**Data to process**

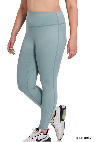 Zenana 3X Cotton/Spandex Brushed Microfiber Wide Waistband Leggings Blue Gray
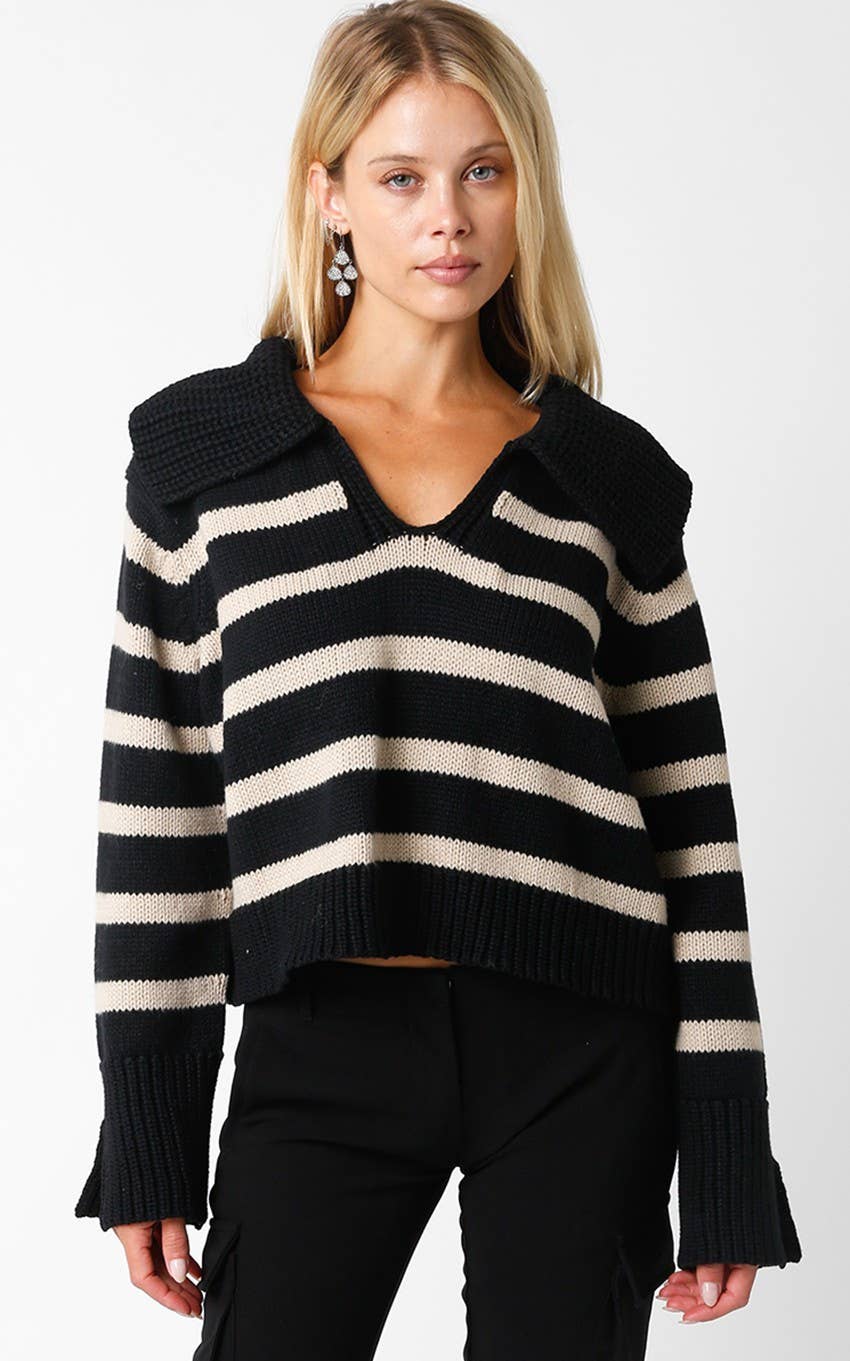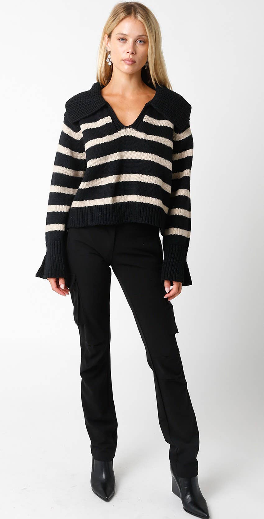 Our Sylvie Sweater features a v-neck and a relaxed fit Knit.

...

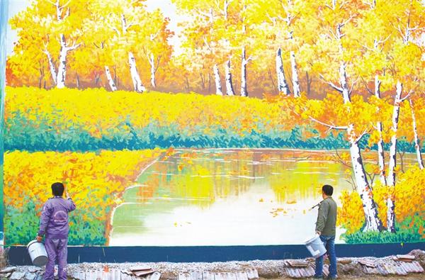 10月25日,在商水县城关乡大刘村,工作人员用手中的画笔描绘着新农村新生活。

---

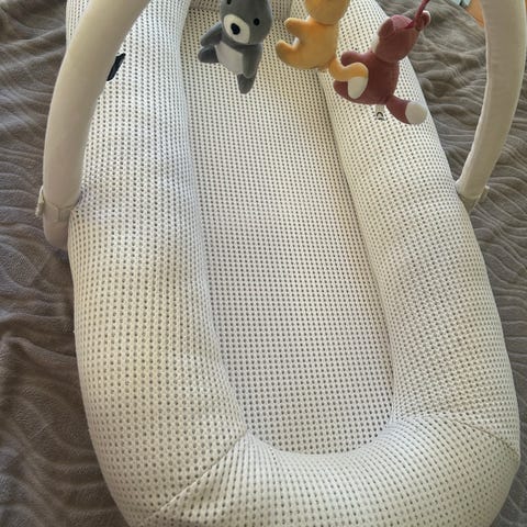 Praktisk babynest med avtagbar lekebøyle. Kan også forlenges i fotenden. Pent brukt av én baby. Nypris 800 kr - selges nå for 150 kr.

**Task**
Every line above between the one containing "Zenana 3X Cotton/Spandex" and the one containing "Our Sylvie Sweater", those two included, is to be printed exactly. No pictures go into the copy.

**Response below**
 Zenana 3X Cotton/Spandex Brushed Microfiber Wide Waistband Leggings Blue Gray
 Our Sylvie Sweater features a v-neck and a relaxed fit Knit.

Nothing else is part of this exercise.